How about rotating crops with nitrogen fixing plants?
It's common where I grew up to rotate corn and soybeans, and some other crops. Not only are soybeans good at fixing nitrogen on residual root nodules, the rotation reduces some pests that can overwinter in the ground. While the soy rotation helps, both crops need phosphorus and potassium, and additional nitrogen helped the corn yield even better. Corn was the cash crop. Soybeans could be hit or miss on profitability, and they had their own pest problems like spider mites, Japanese beetles, and required more herbicides than corn because corn could outgrow many weeds while the beans would more easily lose soil, water, and sunshine to weeds.
Getting back a little bit more toward the GMO topic, and overlapping with the issues of farm chemicals and commercial fertilizers, it isn't a case where farmers are eager to use lots of chemicals and buy lots of GM seed.
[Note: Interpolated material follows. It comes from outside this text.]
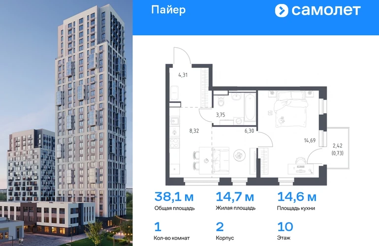 Предлагается 1-комнатная квартира комфорт-класса 38,1 кв.м в корпусе 2 на 10 этаже, в ЖК «Пайер» Квартира с предчистовой отделкой. Доступность дополнительных опций уточняйте у застройщика. Приобрести квартиру возможно по специальным акциям от застройщика, с текущими условиями акций можно ознакомиться в блоке “Акций”. Цена динамическая и может отличаться, уточняйте актуальность у застройщика. В жилом квартале «Пайер» мы сохранили уютную и беззаботную атмосферу. До центра Екатеринбурга — 15 минут на авто. Всего 20 минут прогулки - до большого парка на берегу реки Исеть и Ольховского пруда. Рядом работают детские сады, школа, магазины, пункты выдачи, аптеки и кафе. В приватном зеленом дворе-парке есть спортивная и игровая зона. Лаконичные фасады с открытыми террасами выглядят выразительно. Квартиры с предчистовой отделкой.#yan19-2r1778780#О застройщике

That stuff is all EXPENSIVE. Fertilizer is expensive. Fuel is expensive. Chemicals are expensive. Seed is expensive. Equipment is expensive to buy/maintain/repair. Land is expensive. To a great extent, the old-fashioned days of family farming is gone. Some have gotten bigger and are profitable. Many struggle. All it takes is one big bad decision and the business is over. Like my grandfather used to say, "If I won a million dollars, I'd farm until it was all gone!"